Playwright and founder of Mixer House Ivan Lalić thinks that it is not a good thing that people on social networks become voyeurs of their own and other people's lives and that a large number of young people are voyeurs on social networks looking for an escape from their emotions. He said that passion and dreams were a good driver in both business and love, but that new, more rational generations were coming up.
Dr Ana Đorđević, psychologist at the Institute for Philosophy and Social Theory believes that today love is increasingly romanticized and idealized and that this is the reason for many disappointments. According to her, children learn from their parents what love is, however, not through lessons, but rather through their relationship with each other, as well as through their relationship with their children.
‘We gain our true experience of love by observing the relationship between our parents and the parental intimacy we have with them. While growing up, we should learn how to love and accept ourselves, how we should give the love we were taught to our own selves.
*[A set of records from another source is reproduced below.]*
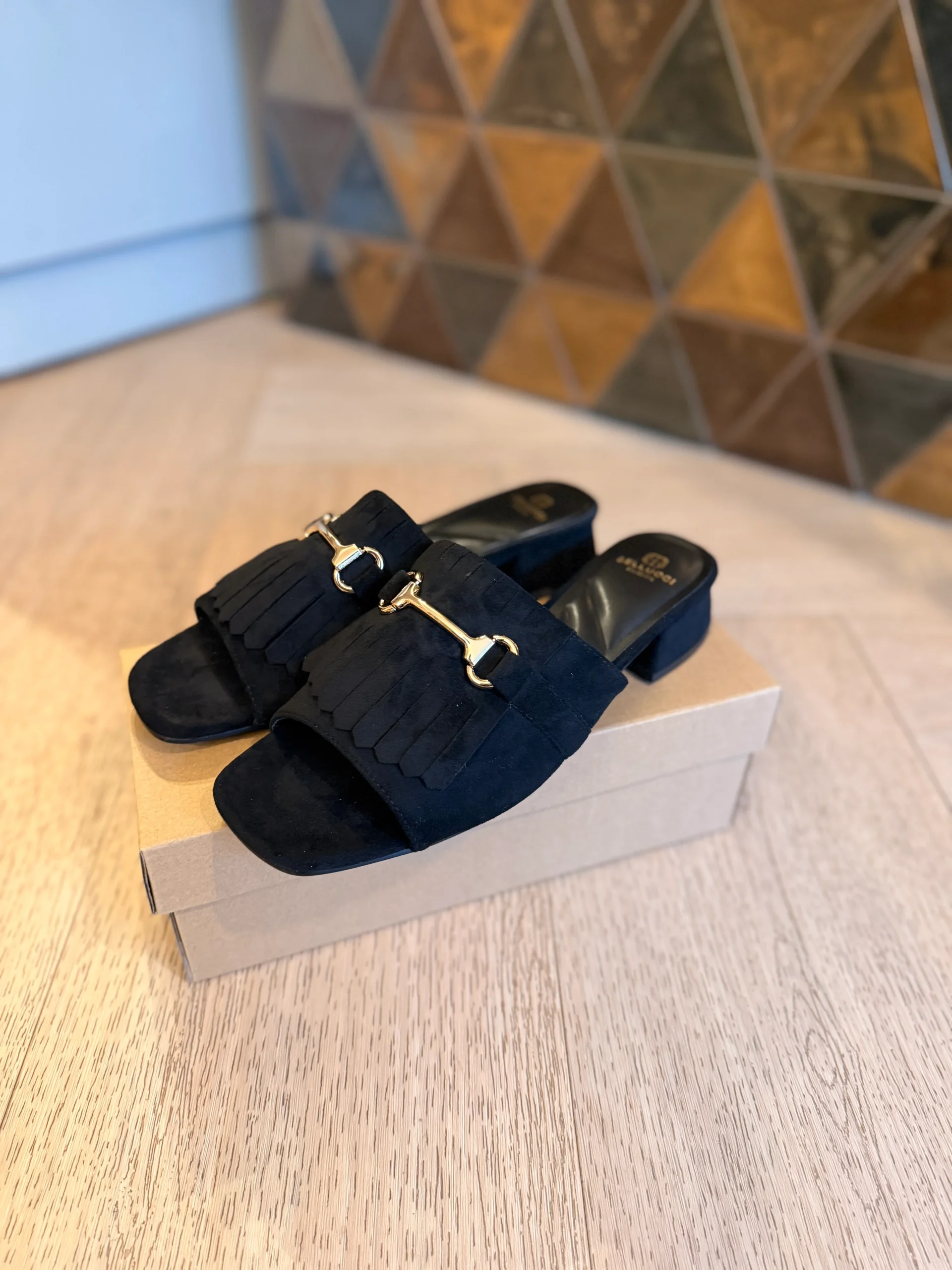 Een elegant muiltje met een klein hakje voor extra comfort. De franjers aan de voorkant geven een speelse touch, terwijl het bit-detail zorgt voor een chique en luxe uitstraling. Perfect om elke outfit net dat beetje extra te geven.
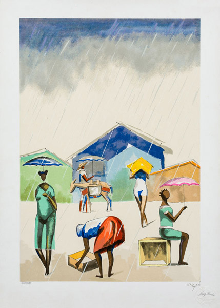 Carybé - Tempestade - 35,5 x 50,5 cm - Vinil Encerado Sobre Cartão Colado em Eucatex - Ass. Canto Inferior Direito e Dat. 1989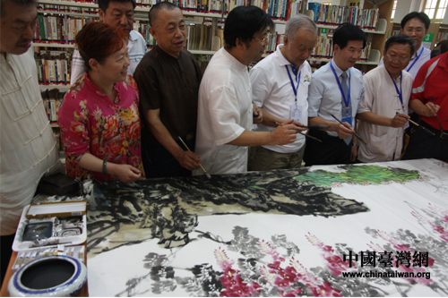 兩岸畫家合作創作的大幅國畫(中國臺灣網 蕪同 攝)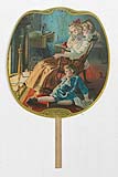 Fan illustrating a domestic scene showing a mother with her two daughters and a sewing machine in the background. Circulated compliments of the New Home Sewing Machine Co., Orange, Massachusetts and used by an agent, J. Quincer, Redwood, New York. For the other side, see Image 57.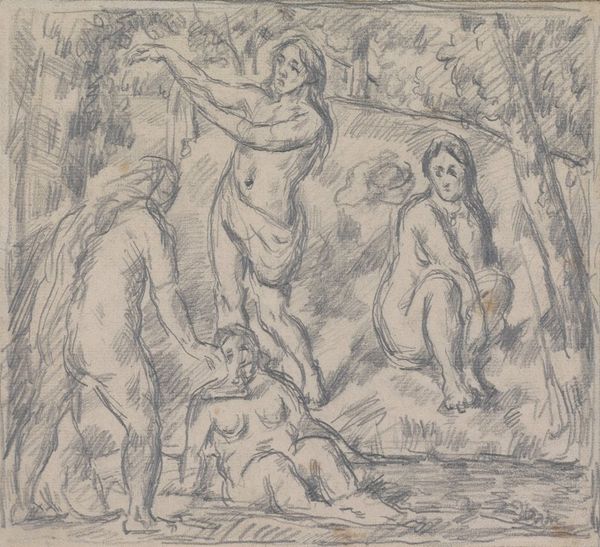 Here is John Marin's drawing, 'Movement, Fantasy Series'. Created with graphite, it captures a fleeting, dreamlike scene. Marin, working in the early 20th century, was part of a generation grappling with modernity and rapid social change. The loose, energetic lines might reflect the dynamism and uncertainty of the era. Consider how the nude figures challenge traditional representations. The seated woman exudes a quiet introspection, while the figure in motion seems to embrace a sense of liberation. The drawing reflects the complex dynamics of gender and representation, inviting us to question established norms. How might these figures represent freedom and self-expression, and what tensions might exist between them? The emotional and personal dimensions resonate, suggesting both vulnerability and strength. Ultimately, ‘Movement, Fantasy Series’ prompts us to consider how art shapes and reflects societal issues, while delving into the emotional and personal dimensions of representation.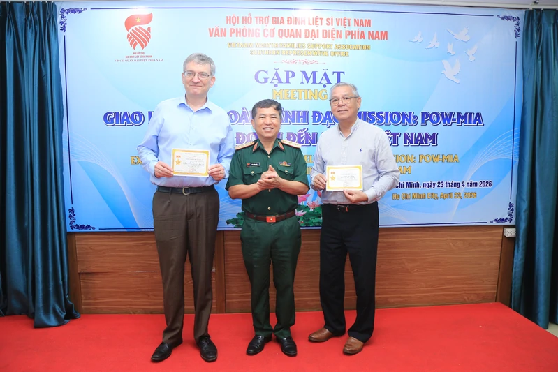 (QK7 online) - Ngày 23/4, tại Thành phố Hồ Chí Minh, Hội Hỗ trợ gia đình liệt sĩ (HTGĐLS) Việt Nam, Văn phòng Cơ quan đại diện phía Nam phối hợp với Tổ chức Mission POW/MIA, Hoa Kỳ gặp mặt, giao lưu, trao đổi thông tin về công tác tìm kiếm, quy tập hài cốt liệt sĩ (HCLS).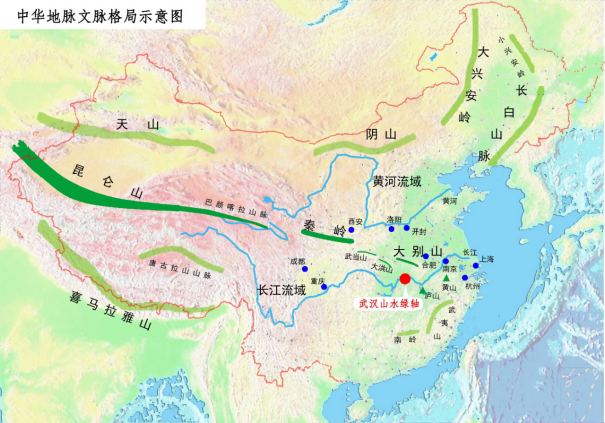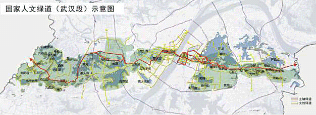 山水人文绿轴,依托武汉市内东西走向山脉及连带湖泊水系一线,汇聚名山名川名湖等自然元素,组合赋存的历史遗迹与现代名胜等人文元素,贯通城市地脉文脉,打造形成生态景观之轴、历史人文之轴、科教创新之轴。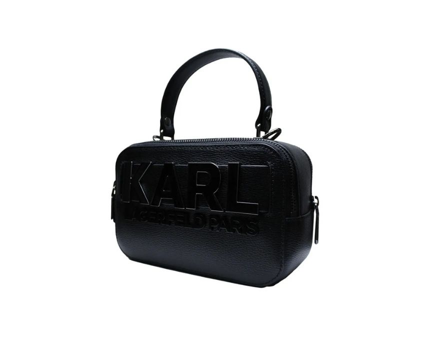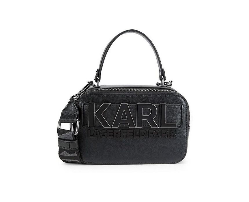 The Karl Lagerfeld Camera Bag in black leather features a structured silhouette with the iconic ‘Karl’ logo on the front, double zip closure, and silvertone hardware for a sleek look. Inside, it offers zip pockets and a lined interior for organization. With a top handle and adjustable shoulder strap, it can be worn as a crossbody or handbag, making it a versatile accessory for both casual and modern chic styles. Its compact size of 7.5″ W x 5″ H x 3.2″ D fits essentials with ease.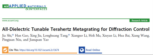 近日,我校电子与信息工程学院副教授石嘉在TOP期刊《ACS Applied Materials & Interfaces》(影响因子10.383)发表了题为《All-Dielectric Tunable Terahertz Metagrating for Diffraction Control》的研究成果,并被选为Supplementary Cover。石嘉副教授为该论文的第一作者和共同通讯作者,该成果由江南在线客服、中国工程物理研究院流体物理研究所、天津大学共同完成。论文链接:https://pubs.acs.org/doi/10.1021/acsami.2c13674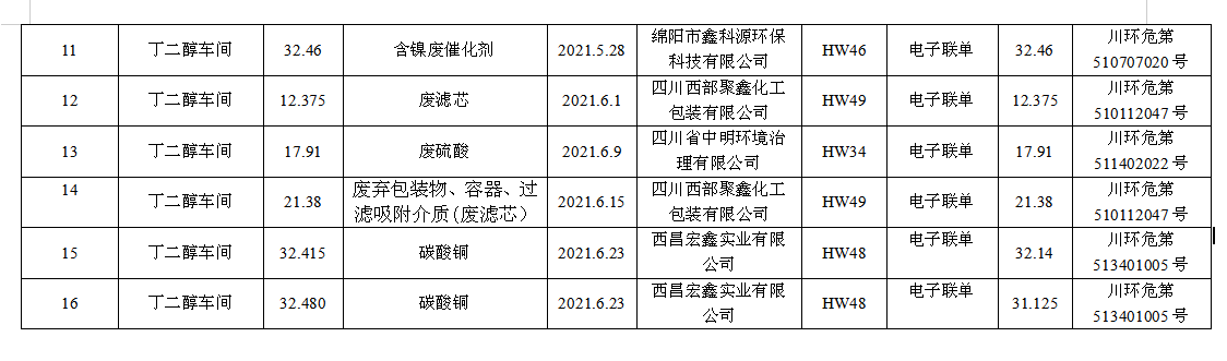 四川天華富邦化工有限責(zé)任公司危廢轉(zhuǎn)移情況公示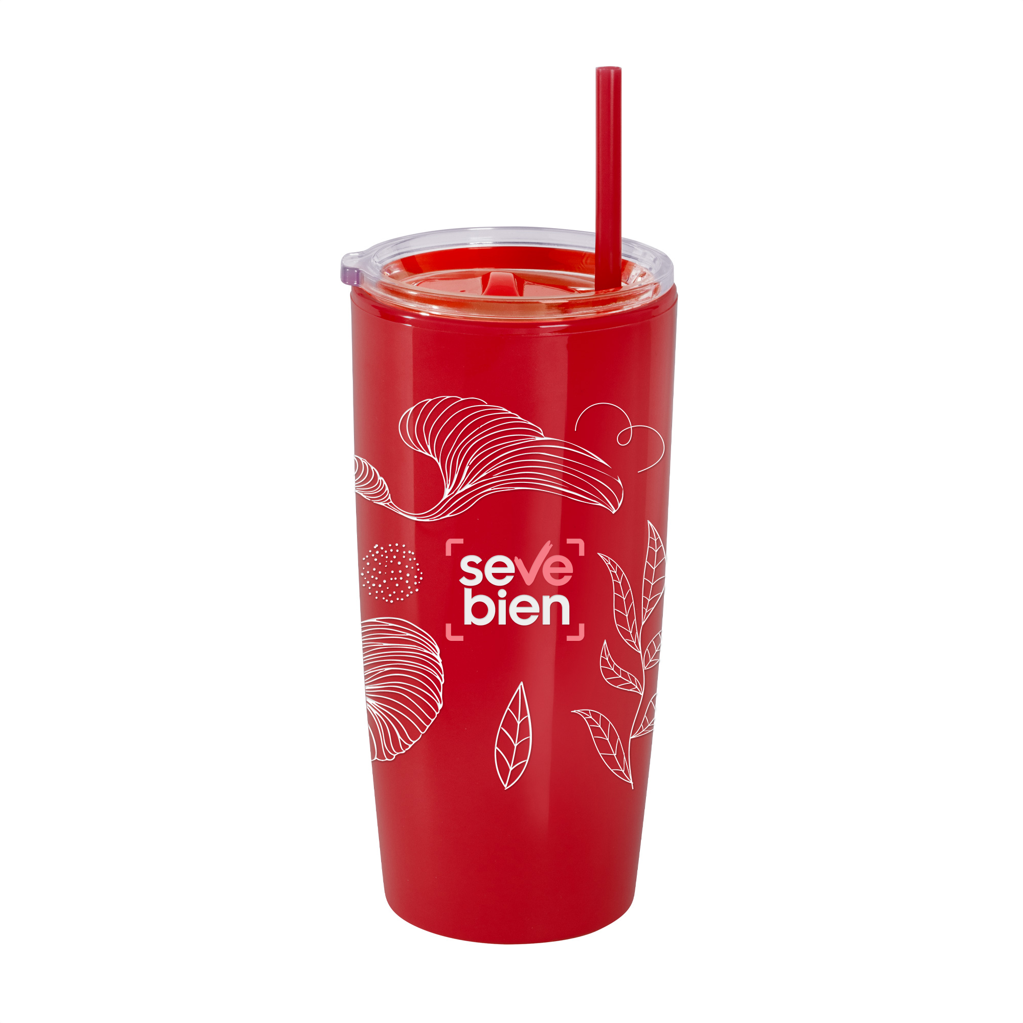Disfruta de tus bebidas favoritas con comodidad.Mug doble pared con popote. Tapa plástica transparente a presión con anillo de silicona. Popote de polipropileno y cierre deslizante del mismo color que el cuerpo. Cuerpo con acabado brillante. Medidas: Ø 9 cm x 18,6 cm.

If we don't learn that, we remain lonely, alienated, we can't establish close relationships with other people’, said Ana Đorđević. Nevertheless, when a relationship or marriage is in crisis, people tend to stay in dysfunctional relationships to avoid the pain from getting out of a relationship or the pain they may inflict to the other person.
Hemofarm Foundation’s panel session ‘A Cup of Coffee with a Psychologist’, held in partnership with the Faculty of Philosophy in Belgrade and Art Commune Dorćol Platz, is a part of the
Unbreakable campaign for fighting depression and stigma.